#### [Your objective]
Starting at the line that contains "A Cute Raccoon", write out each line exactly through the last one in the material below, and nothing more; omit all pictures.

══ Data excerpt

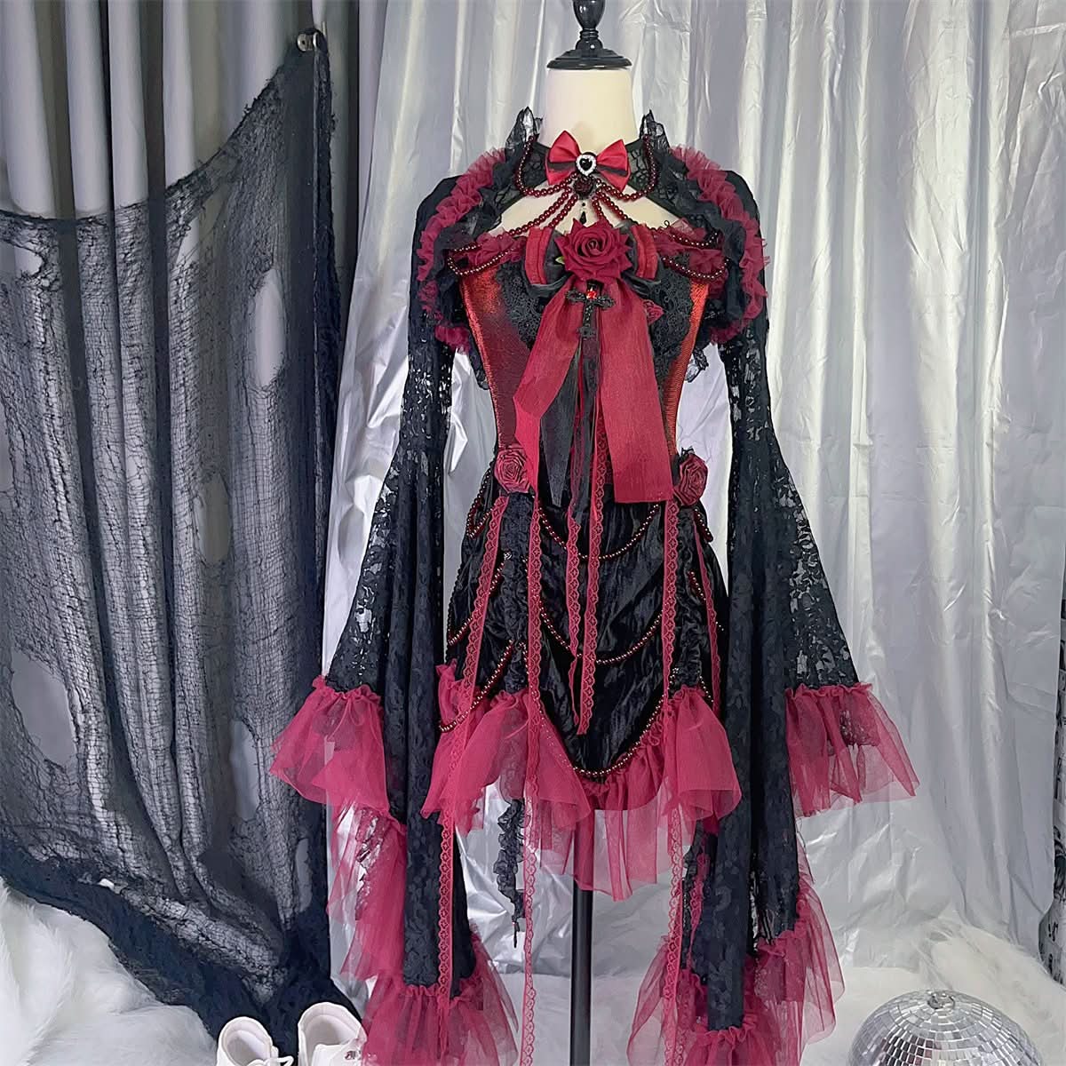 Bowknot ruffle mesh beaded shrug 2 piece cami mini dress
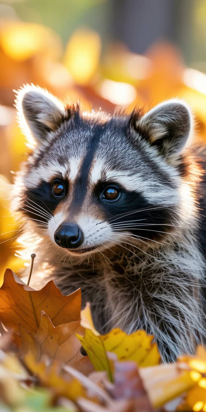 A Cute Raccoon peers out from a pile of golden autumn leaves, its fur glowing in the soft seasonal sunlight. This charming image is perfect for Pet Raccoon lovers and fans of cozy, nature-filled phone backgrounds.
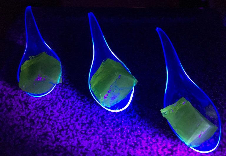 Mit dem Backpapier aus der Form heben, in Würfel schneiden und auf Fingerfood-Löffeln unter UV-Licht anrichten.
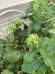 今朝の庭から 今朝雨上がりの庭でアナベルの二番花の花❓つぼみ❓が出来てました😊まだまだ暑いのね🫠

════

#### [Exercise answer]
 A Cute Raccoon peers out from a pile of golden autumn leaves, its fur glowing in the soft seasonal sunlight. This charming image is perfect for Pet Raccoon lovers and fans of cozy, nature-filled phone backgrounds.
 Mit dem Backpapier aus der Form heben, in Würfel schneiden und auf Fingerfood-Löffeln unter UV-Licht anrichten.
 今朝の庭から 今朝雨上がりの庭でアナベルの二番花の花❓つぼみ❓が出来てました😊まだまだ暑いのね🫠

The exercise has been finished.